Evaluation Guide
SpikeSEG supports three evaluation modes, each computing different metrics.
Quick Start
python scripts/evaluate.py \
--checkpoint checkpoints/best.pt \
--data-root /path/to/EBSSA \
--volume-based \
--output metrics.json
Evaluation Modes
1. Pixel-Level
Binary classification of each pixel with 1-pixel spatial tolerance.
Metrics: TP, TN, FP, FN, Sensitivity, Specificity, Informedness, Accuracy, IoU.
2. Object-Level
Centroid matching: a detection is a true positive if its centroid falls within 1 pixel of the ground-truth trajectory.

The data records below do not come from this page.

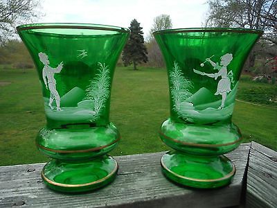 Mary Gregory Pair of Hand Painted Boy & Girl Green Glass 8 1/4" Vases~NO RESERVE
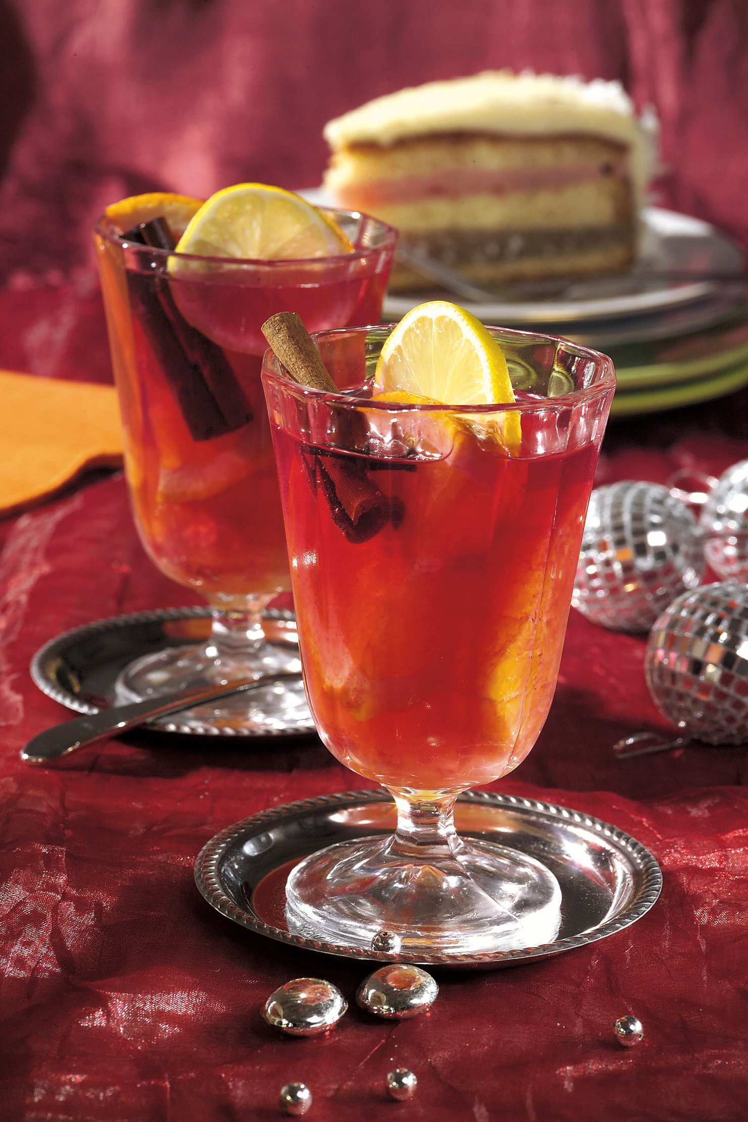 2. Portocala şi lămâia, bine spălate, se taie felii şi se pun în vinul condimentat. Ca să nu se evapore, romul se va adăuga cu puţin timp înainte de a fi servit.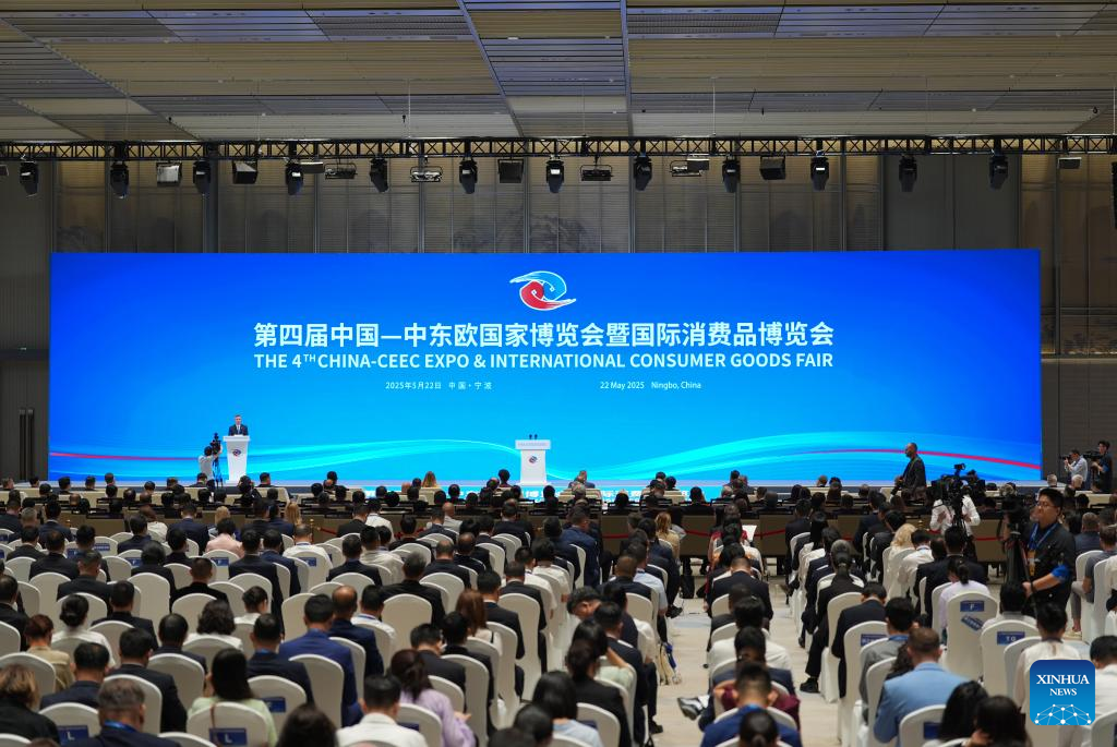 This photo taken on May 22, 2025 shows the opening ceremony of the 4th China-CEEC Expo & International Consumer Goods Fair in Ningbo, east China's Zhejiang Province. With over 8,000 featured products on display, from traditional goods like wines and cheese to cutting-edge varieties like VR glasses, the 4th China-CEEC Expo &International Consumer Goods Fair unveiled its curtain on Thursday, unleashing vast cooperation potential between China and Central and Eastern European Countries (CEEC). The expo, running from Thursday to Sunday in Ningbo, has attracted 435 enterprises from 14 CEEC countries and nine other countries, including the UK, France, Germany and Italy. (Xinhua/Huang Zongzhi)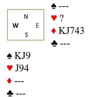 Om vest hadde hatt kun trekorts kløver kunne vi fått til et innspill mot han etter en haug med trumf, ved å spille spar ess og så knekten eller nieren. Hvis han da hadde hatt kun spar og ruter igjen måtte han ha hjulpet deg. Men vi vet han startet med femkorts kløver, og han kommer til å holde en kløver og fri seg med det kortet, og da taper du to sparstikk.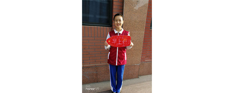 张梦琦同学在校门口带着自制的环保问候卡值周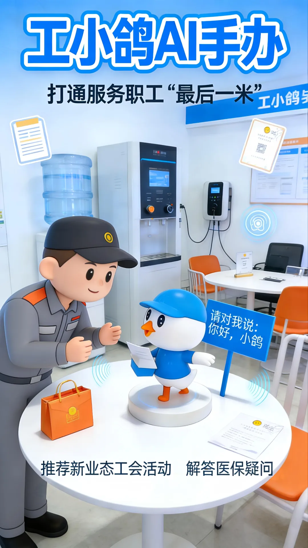 精准服务与主动关怀“更温暖”。各地工会创新应用形式,将智能化服务送达职工身边。大连市总工会构建私有化AI平台,打造医疗咨询、就业匹配等五大场景,政策咨询准确率达96%,服务实现秒级响应。青岛市总工会的“工小鸽”AI手办,以低成本集成大模型与语音交互,部署于工会驿站、职工书屋,通过红外感应主动问候,变“被动响应”为“主动关怀”。太原市物流货运行业工会的“工好运”智能体,嵌入37个互助微信群,24小时捕捉求助信息,5个月内,184条司机诉求得到满足,19起潜在矛盾成功化解,让流动的货车司机随时感受到工会的温暖。

Metrics: TP, FP, FN, Sensitivity (Recall), Specificity, Precision, F1, Informedness.
3. Volume-Based (IGARSS 2023)
Event density comparison between predicted and ground-truth regions. This is the primary evaluation methodology from the IGARSS 2023 paper [4].
Metrics: TP/TN/FP/FN volumes, Sensitivity, Specificity, Informedness, Precision, F1.
Target: 89.1% informedness [4].
CLI Arguments
| Flag | Default | Description |
|---|---|---|
--checkpoint, -c | required | Model checkpoint |
--data-root, -d | -- | EBSSA dataset root |
--split | val | train, val, test, all |
--sensor | all | ATIS, DAVIS, all |
--volume-based | false | Use IGARSS 2023 methodology |
--object-level | false | Use centroid matching |
--spatial-tolerance | 1 | Tolerance in pixels for TP matching |
--no-hulk | false | Disable HULK decoder |
--no-smash | false | Disable SMASH grouping |
--output, -o | -- | Save metrics to JSON |
--debug | false | Enable debug logging |
Threshold Sweep
Find the optimal inference threshold:
python scripts/threshold_sweep.py \
--checkpoint checkpoints/best.pt \
--data-root /path/to/EBSSA
This sweeps thresholds [0.1, 0.2, 0.3, 0.5, 0.7, 1.0, 1.5, 2.0, 3.0, 5.0] and reports sensitivity, specificity, and informedness for each, highlighting the best.